Is there some kind of encryption that would cause documents to become permanently corrupted if they were copied onto another drive? Or something similar?
I don't need to do this, I'm curious about it for a storyline, and I'm not savvy enough to be able to figure out the possibilities myself...thanks for any info!
Sounds like you're describing some kind of
DRM. On DVDs, it works somewhat like this: DVD is encrypted/decrypted using a proprietary algorithm. The secret key lives in the
lead-in area of the DVD, which is not usually included in a bit-for-bit copy of the DVD, making copied DVDs unplayable.
(Note that this doesn't actually stop people from copying DVDs, partly because the algorithm was broken in 1999, uses tiny keys which can be brute forced in seconds, and the decryption key is physically printed as part of DVD itself.)

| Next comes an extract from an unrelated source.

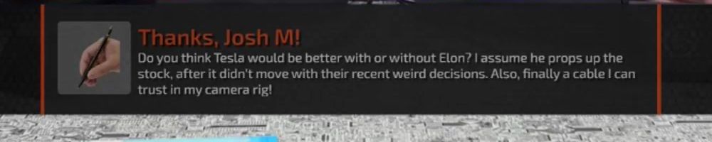 Do you think Tesla would be better with or without Elon? I assume he props up the stock, after it didn't move with their recent weird decisions. Also, finally a cable I can trust in my camera rig!
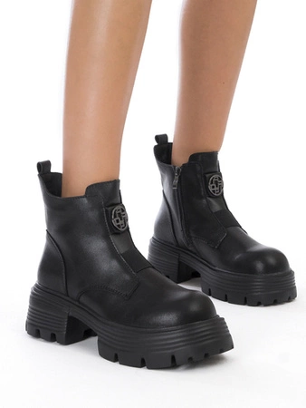 T.Sokolski Botki Damskie Na Platformie Ocieplane Skórzane Czarne

I'd suggest some kind of hardware which approximates a one-time pad. Use random noise to generate a key which is at least as long the encrypted message, which you can use to securely encrypt the plain text. You can generate a new key, and repeat this process again, so that the message is only readable if a recipient has *all* the keys.
The hard part here is securely transporting the key(s). One more agents can physically carry the key with them, or perhaps the key can be transmitted via SSL to the recipient.
That said, no technology in the world can resist an unwitting schlub
just *giving away* the information. "I'm the president of the KGBluuhh---the CIA! And I need Top Secret XYZ message immediately!" "What? I can't do that?" "I'm the president! Do what I say or you're fired!" "Right away, sir!"